The goal of this tutorial is to learn how to use the grep function. A function very useful to find patterns in texts.
# In this tutorial we are going to use the iris dataset
# We will count the amount of plants of each Species
data("iris")
iris$Species <- as.character(iris$Species)
str(iris)
## 'data.frame': 150 obs. of 5 variables:
## $ Sepal.Length: num 5.1 4.9 4.7 4.6 5 5.4 4.6 5 4.4 4.9 ...
## $ Sepal.Width : num 3.5 3 3.2 3.1 3.6 3.9 3.4 3.4 2.9 3.1 ...
## $ Petal.Length: num 1.4 1.4 1.3 1.5 1.4 1.7 1.4 1.5 1.4 1.5 ...
## $ Petal.Width : num 0.2 0.2 0.2 0.2 0.2 0.4 0.3 0.2 0.2 0.1 ...
## $ Species : chr "setosa" "setosa" "setosa" "setosa" ...
# The grep function finds the position where the pattern is found
grep("setosa", iris$Species)
## [1] 1 2 3 4 5 6 7 8 9 10 11 12 13 14 15 16 17 18 19 20 21 22 23
## [24] 24 25 26 27 28 29 30 31 32 33 34 35 36 37 38 39 40 41 42 43 44 45 46
## [47] 47 48 49 50
# The great power of this function is that we can match partial patterns
grep("set", iris$Species)
## [1] 1 2 3 4 5 6 7 8 9 10 11 12 13 14 15 16 17 18 19 20 21 22 23
## [24] 24 25 26 27 28 29 30 31 32 33 34 35 36 37 38 39 40 41 42 43 44 45 46
## [47] 47 48 49 50
# However, we could find problems like case sensitive patterns
grep("Setosa", iris$Species)
## integer(0)
# We can skip this problem using the ignore.case parameter
grep("Setosa", iris$Species, ignore.case = TRUE)

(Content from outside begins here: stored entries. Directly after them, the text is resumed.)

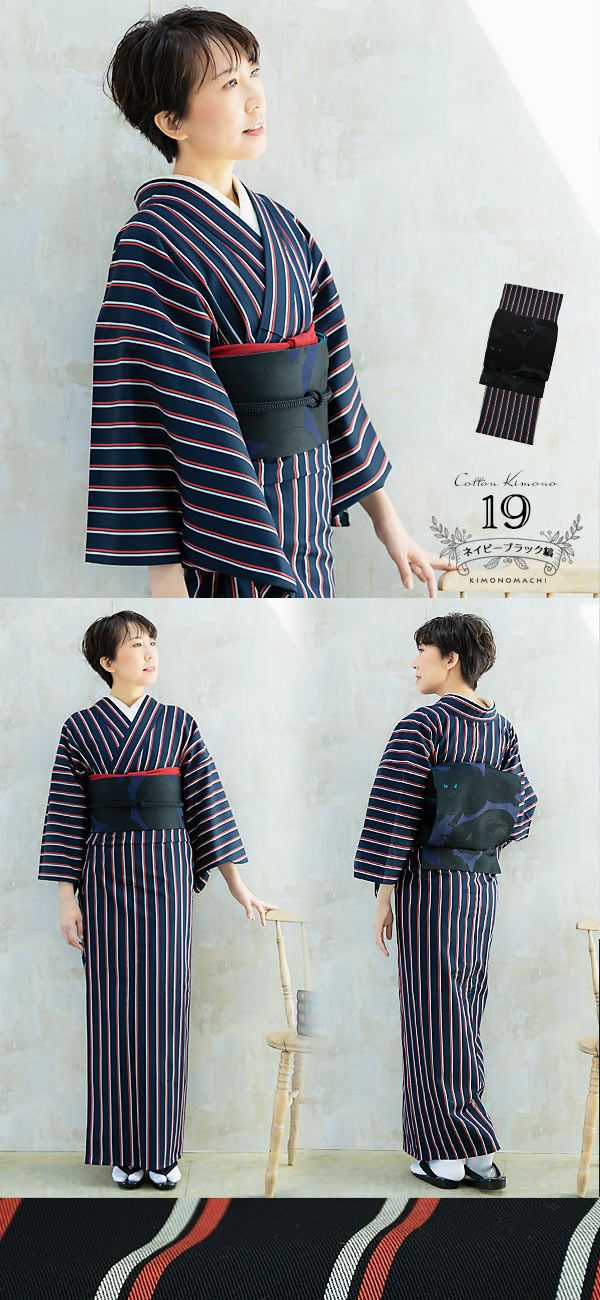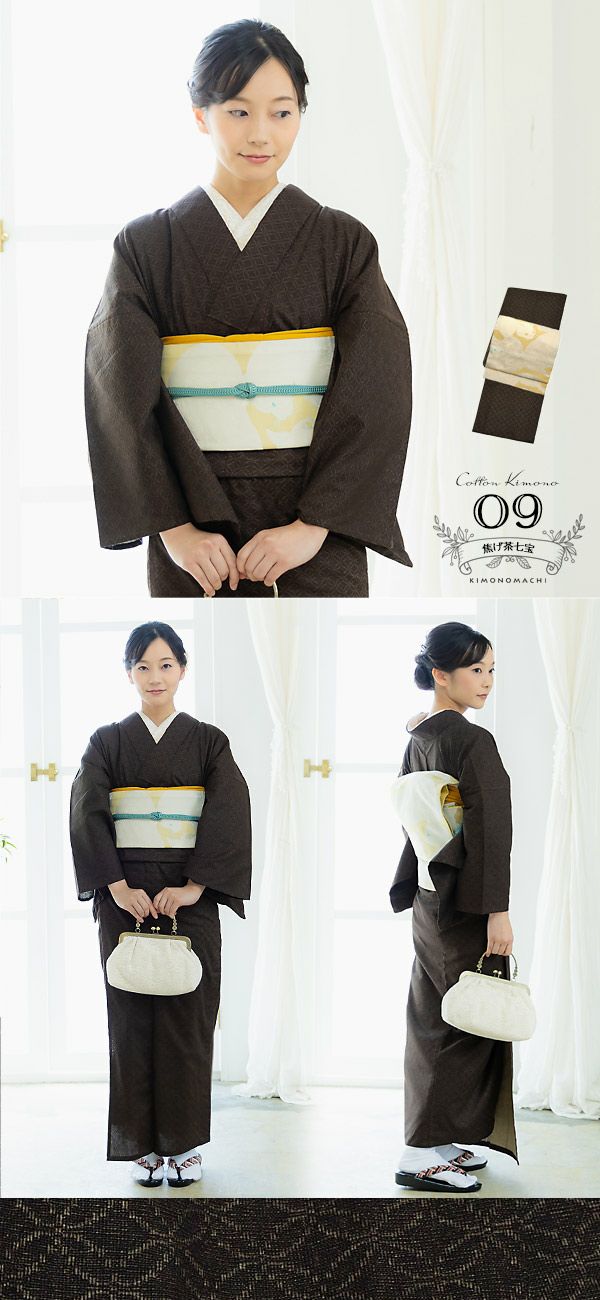木綿はおうちで洗える気楽さ、着慣れた優しい風合いに加え、帯のデザイン次第で何通りにもコーディネートできるうれしいお洒落素材。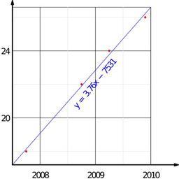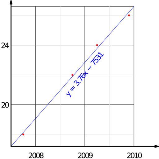 | Keywords: Pyanse.svg pyanse in Vladivostok dynamics ублях пянсе во Владивостоке 2010-03-18 own YuryKirienko Other fields <source lang CPP > import graph; size 9cm 9cm IgnoreAspect ; real t0 2007 5; real year 2007 75 2008 75 2009 25 2009 9 ; real price 18 22 24 26 ; real approx real x return 3 75982 x-7530 64; for int i 0;i<4;++i dot yeari pricei 2mm+red ; draw graph approx t0 2010 blue ; xaxis BottomTop RightTicks Step 1 step 0 5 extend true ptick lightgrey ; yaxis LeftRight RightTicks Step 4 step 2 extend true ptick lightgrey ; xequals t0 ymax 27 p linewidth 1 5pt Arrow 2mm ; yequals approx t0 xmax 2010 25 p linewidth 1 5pt Arrow 2mm ; label rotate aTan 1 1 y 3 76\ x-7531 2009 22 blue ; </source> I used Inkscape for image conversion PDF SVG Direct console conversion contains bugs both Inkscape and pstoedit so I have outline the object first - Economic charts of Russia Price trends Pyanse |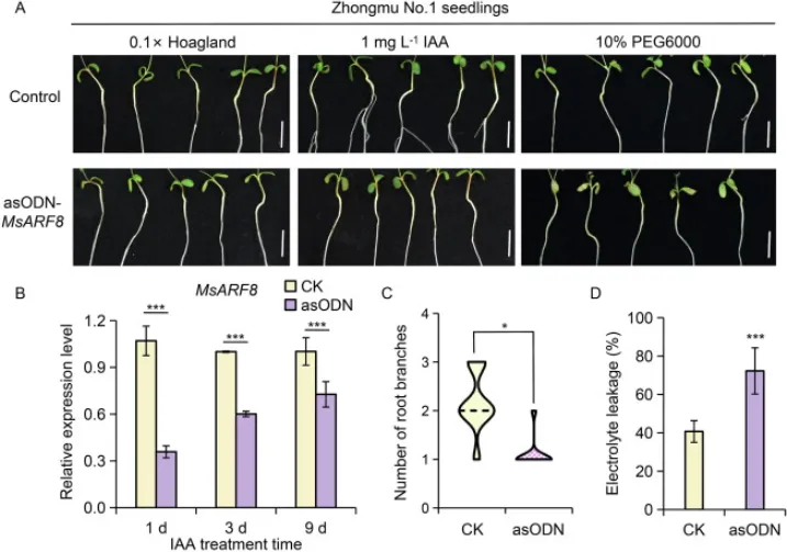 验证了关键下游基因的功能: 通过反义寡核苷酸(asODN)技术对MsARF8进行瞬时抑制,实验有力地证明了MsARF8是生长素诱导的根系分枝和抗旱性的正向调控因子(Fig. 7)。这不仅为整个调控通路提供了功能性闭环证据,也凸显了MsARF8作为一个潜在的育种改良靶点的重要性。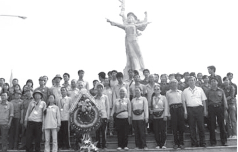 | Mme Tuy (6e, droite, premier rang) lors de son périple transnational en 2008, devant la statue de la victoire à Long Khanh (province de Dông Nai). |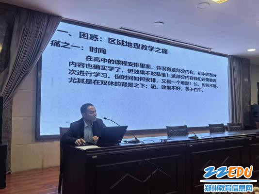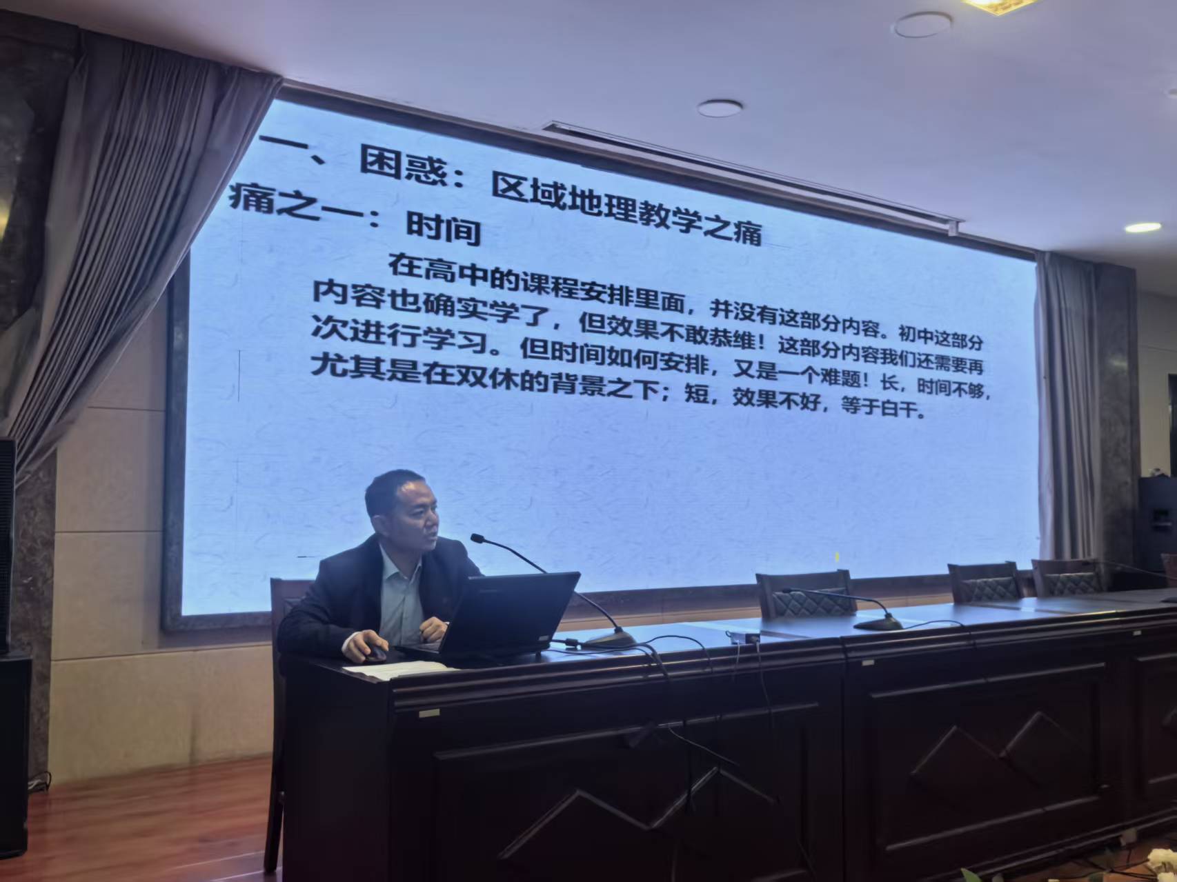中牟县第一高级中学教师韩延峰以《聚焦热点、巧用案例,活化区域地理课堂》为题进行了课例展示。他提出,区域地理学科教学应聚焦社会热点,将真实时事融入课堂,激发学生学习兴趣;同时,精选典型区域案例,以案例为载体,引导学生探究分析,提升综合素养。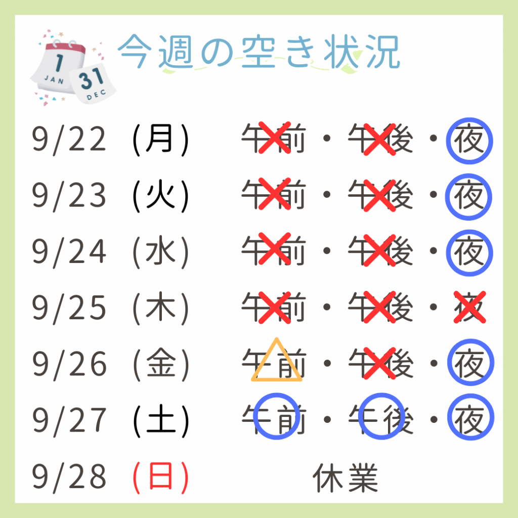 今週9/22(月)〜9/28(日)の予約の空き状況になります🗓️

## [1] 1 2 3 4 5 6 7 8 9 10 11 12 13 14 15 16 17 18 19 20 21 22 23
## [24] 24 25 26 27 28 29 30 31 32 33 34 35 36 37 38 39 40 41 42 43 44 45 46
## [47] 47 48 49 50
# We can as well find the positions where the pattern is NOT found using invert
grep("Setosa", iris$Species, ignore.case = TRUE, invert = TRUE)
## [1] 51 52 53 54 55 56 57 58 59 60 61 62 63 64 65 66 67
## [18] 68 69 70 71 72 73 74 75 76 77 78 79 80 81 82 83 84
## [35] 85 86 87 88 89 90 91 92 93 94 95 96 97 98 99 100 101
## [52] 102 103 104 105 106 107 108 109 110 111 112 113 114 115 116 117 118
## [69] 119 120 121 122 123 124 125 126 127 128 129 130 131 132 133 134 135
## [86] 136 137 138 139 140 141 142 143 144 145 146 147 148 149 150
In this tutorial we have learnt how to find patterns in data using the grep function.